(Beginning of Working data)

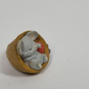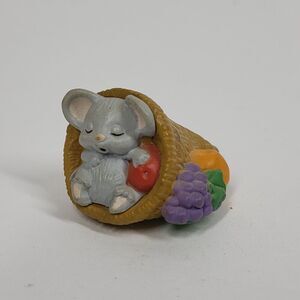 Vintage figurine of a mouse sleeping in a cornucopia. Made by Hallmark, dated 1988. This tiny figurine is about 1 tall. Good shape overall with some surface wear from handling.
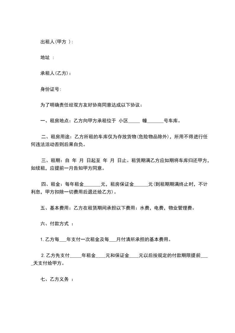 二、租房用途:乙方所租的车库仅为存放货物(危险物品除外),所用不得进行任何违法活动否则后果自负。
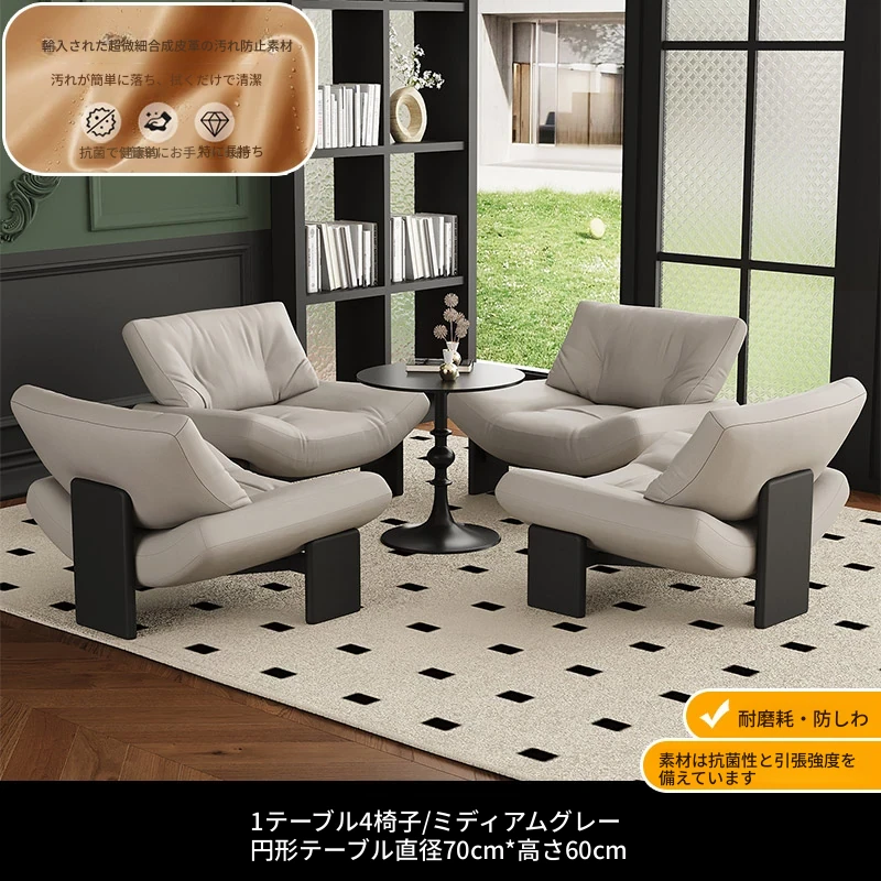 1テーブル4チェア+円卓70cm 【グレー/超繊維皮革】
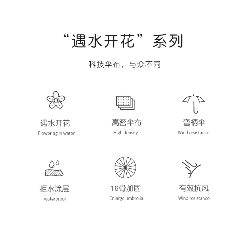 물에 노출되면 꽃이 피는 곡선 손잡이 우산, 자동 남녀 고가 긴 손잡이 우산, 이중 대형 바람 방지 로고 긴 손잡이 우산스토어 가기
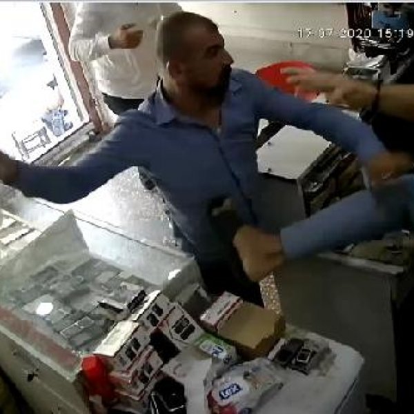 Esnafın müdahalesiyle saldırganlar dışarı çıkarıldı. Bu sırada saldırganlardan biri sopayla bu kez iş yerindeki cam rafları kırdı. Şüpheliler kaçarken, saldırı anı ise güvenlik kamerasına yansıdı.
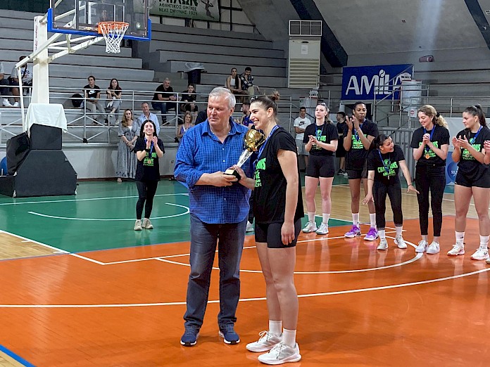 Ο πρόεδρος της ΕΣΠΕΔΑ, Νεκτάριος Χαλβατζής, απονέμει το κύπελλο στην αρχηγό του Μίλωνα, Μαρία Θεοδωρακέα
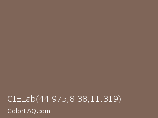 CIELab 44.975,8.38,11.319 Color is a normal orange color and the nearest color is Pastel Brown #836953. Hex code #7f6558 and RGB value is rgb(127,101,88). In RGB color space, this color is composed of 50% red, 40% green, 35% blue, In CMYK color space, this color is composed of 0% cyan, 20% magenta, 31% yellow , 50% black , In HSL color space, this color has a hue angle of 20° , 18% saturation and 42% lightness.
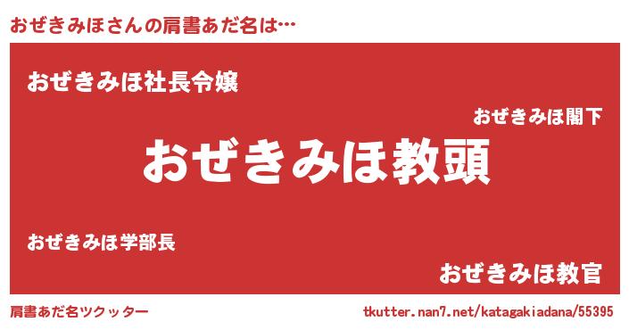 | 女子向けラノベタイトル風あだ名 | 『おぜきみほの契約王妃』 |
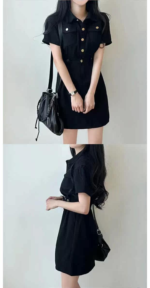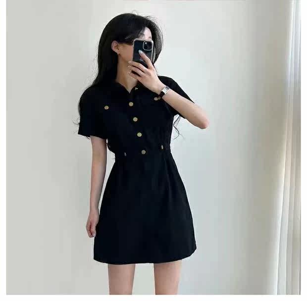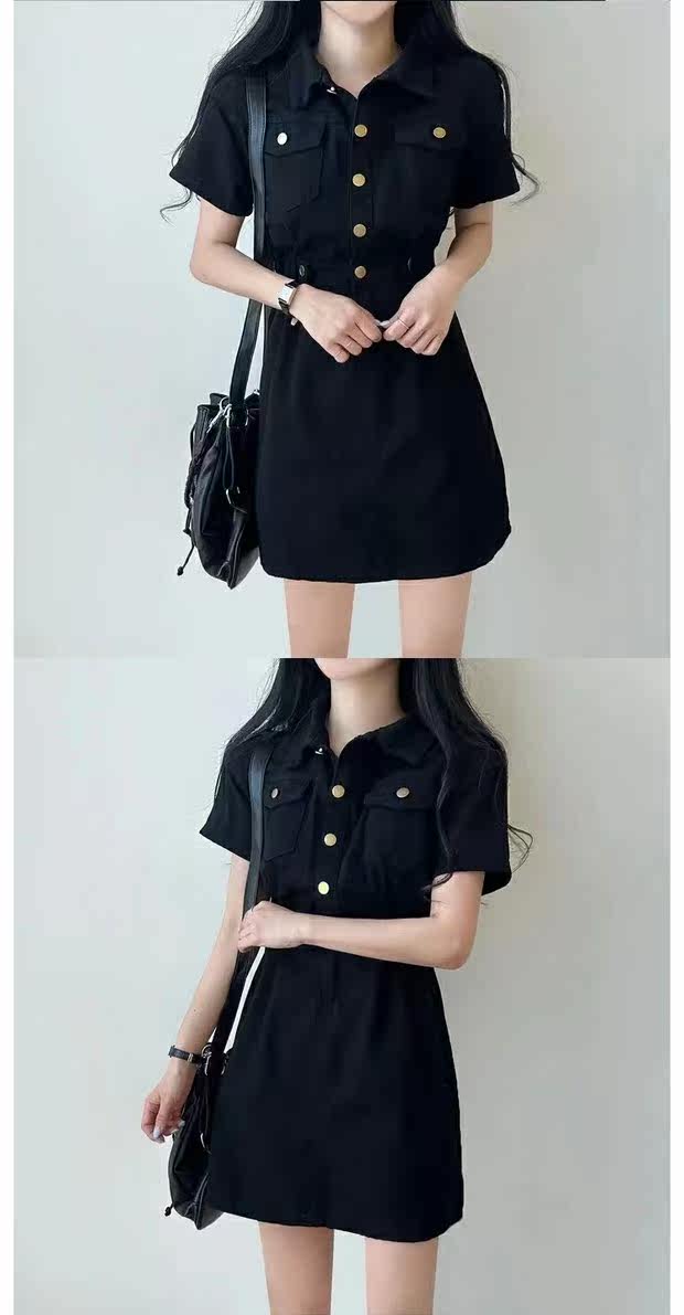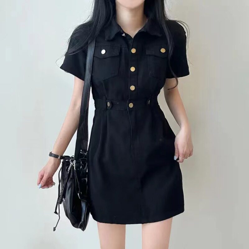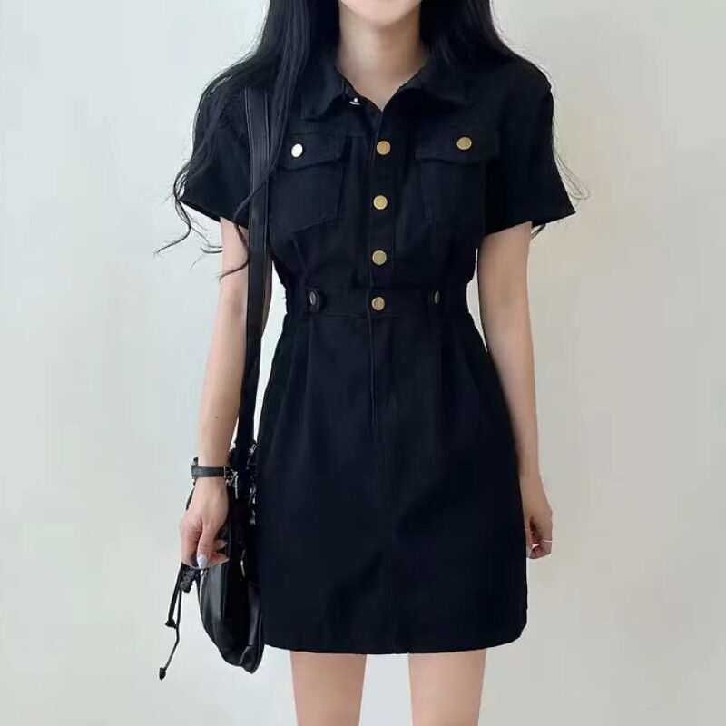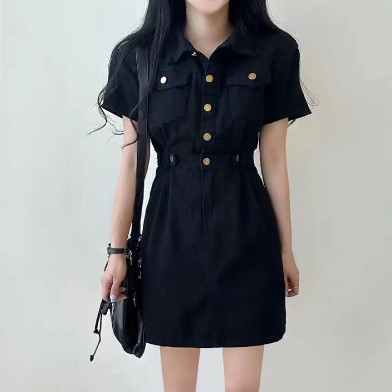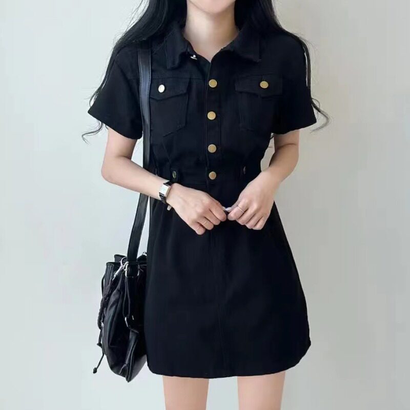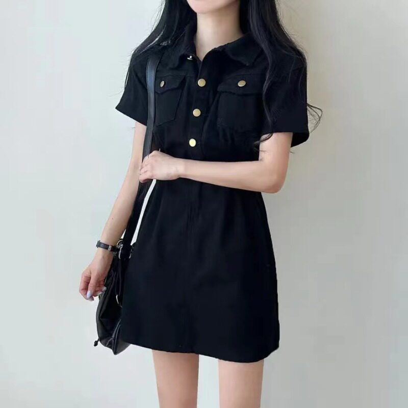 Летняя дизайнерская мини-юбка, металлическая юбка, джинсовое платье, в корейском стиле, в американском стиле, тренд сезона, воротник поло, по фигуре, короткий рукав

(End of Working data)
(Beginning of Working data)

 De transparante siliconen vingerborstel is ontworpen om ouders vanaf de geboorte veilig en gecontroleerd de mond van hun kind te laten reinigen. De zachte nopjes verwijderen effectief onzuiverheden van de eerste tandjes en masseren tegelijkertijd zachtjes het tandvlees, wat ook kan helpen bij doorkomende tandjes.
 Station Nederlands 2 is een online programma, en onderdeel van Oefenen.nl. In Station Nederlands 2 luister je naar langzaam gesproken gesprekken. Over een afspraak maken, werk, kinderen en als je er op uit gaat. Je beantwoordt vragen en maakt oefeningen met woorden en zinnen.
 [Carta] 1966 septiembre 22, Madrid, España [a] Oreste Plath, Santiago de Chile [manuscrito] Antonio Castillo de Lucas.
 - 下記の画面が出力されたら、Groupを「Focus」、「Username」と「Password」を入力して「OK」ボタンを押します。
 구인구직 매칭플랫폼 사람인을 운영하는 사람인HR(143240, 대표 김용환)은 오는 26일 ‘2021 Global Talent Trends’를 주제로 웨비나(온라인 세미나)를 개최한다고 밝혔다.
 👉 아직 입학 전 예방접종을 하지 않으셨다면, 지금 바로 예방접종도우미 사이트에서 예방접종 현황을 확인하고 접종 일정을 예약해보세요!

(End of Working data)
(Beginning of Working data)

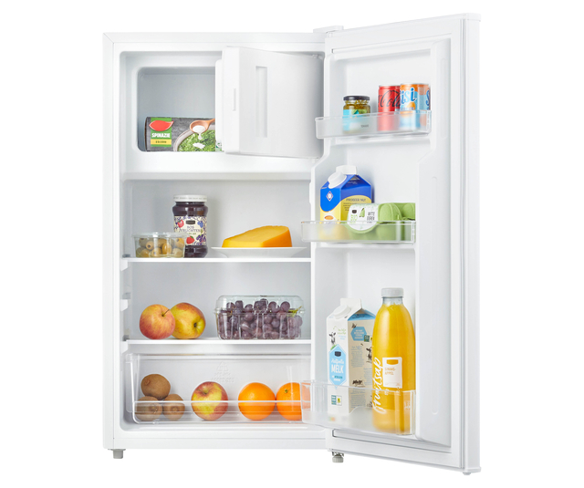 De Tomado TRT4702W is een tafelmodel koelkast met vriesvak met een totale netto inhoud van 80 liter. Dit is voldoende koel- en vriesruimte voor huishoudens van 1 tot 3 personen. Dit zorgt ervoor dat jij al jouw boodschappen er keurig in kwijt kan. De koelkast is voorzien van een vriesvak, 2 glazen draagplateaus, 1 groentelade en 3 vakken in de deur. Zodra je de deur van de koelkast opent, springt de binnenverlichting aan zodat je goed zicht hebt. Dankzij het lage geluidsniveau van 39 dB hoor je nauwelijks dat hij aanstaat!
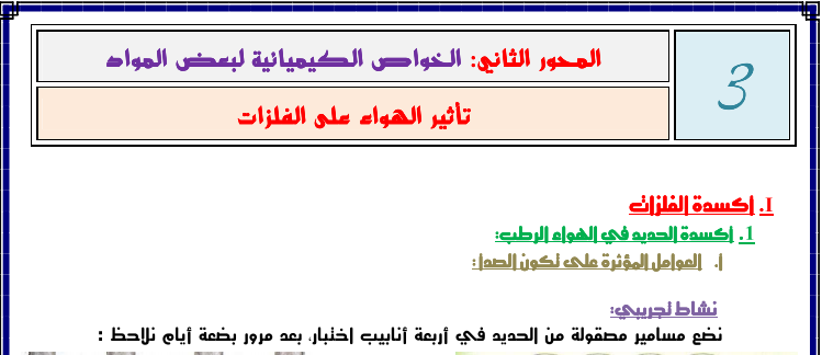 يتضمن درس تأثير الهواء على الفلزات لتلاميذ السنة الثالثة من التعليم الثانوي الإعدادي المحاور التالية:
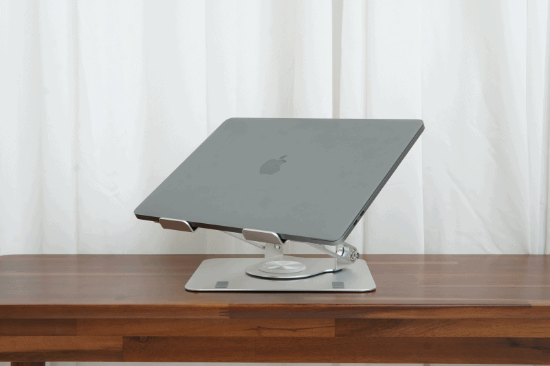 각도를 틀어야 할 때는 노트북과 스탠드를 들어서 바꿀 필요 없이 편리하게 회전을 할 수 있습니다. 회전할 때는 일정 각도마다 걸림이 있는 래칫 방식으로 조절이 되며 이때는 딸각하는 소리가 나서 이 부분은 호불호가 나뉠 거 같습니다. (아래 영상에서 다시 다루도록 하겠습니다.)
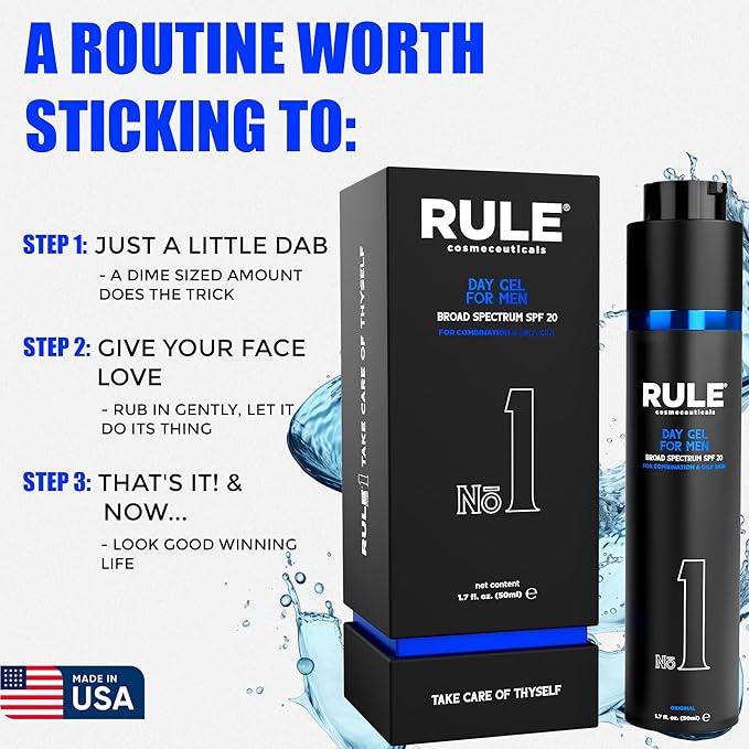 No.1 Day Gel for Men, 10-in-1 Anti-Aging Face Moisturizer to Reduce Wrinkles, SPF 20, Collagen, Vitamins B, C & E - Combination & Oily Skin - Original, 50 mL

(End of Working data)

Work request » After locating the line holding "구인구직 매칭플랫폼 사람인을" above, output exactly that line and every line after it through the line holding "접종 일정을 예약해보세요!". Include nothing else.

Exercise output »
 구인구직 매칭플랫폼 사람인을 운영하는 사람인HR(143240, 대표 김용환)은 오는 26일 ‘2021 Global Talent Trends’를 주제로 웨비나(온라인 세미나)를 개최한다고 밝혔다.
 👉 아직 입학 전 예방접종을 하지 않으셨다면, 지금 바로 예방접종도우미 사이트에서 예방접종 현황을 확인하고 접종 일정을 예약해보세요!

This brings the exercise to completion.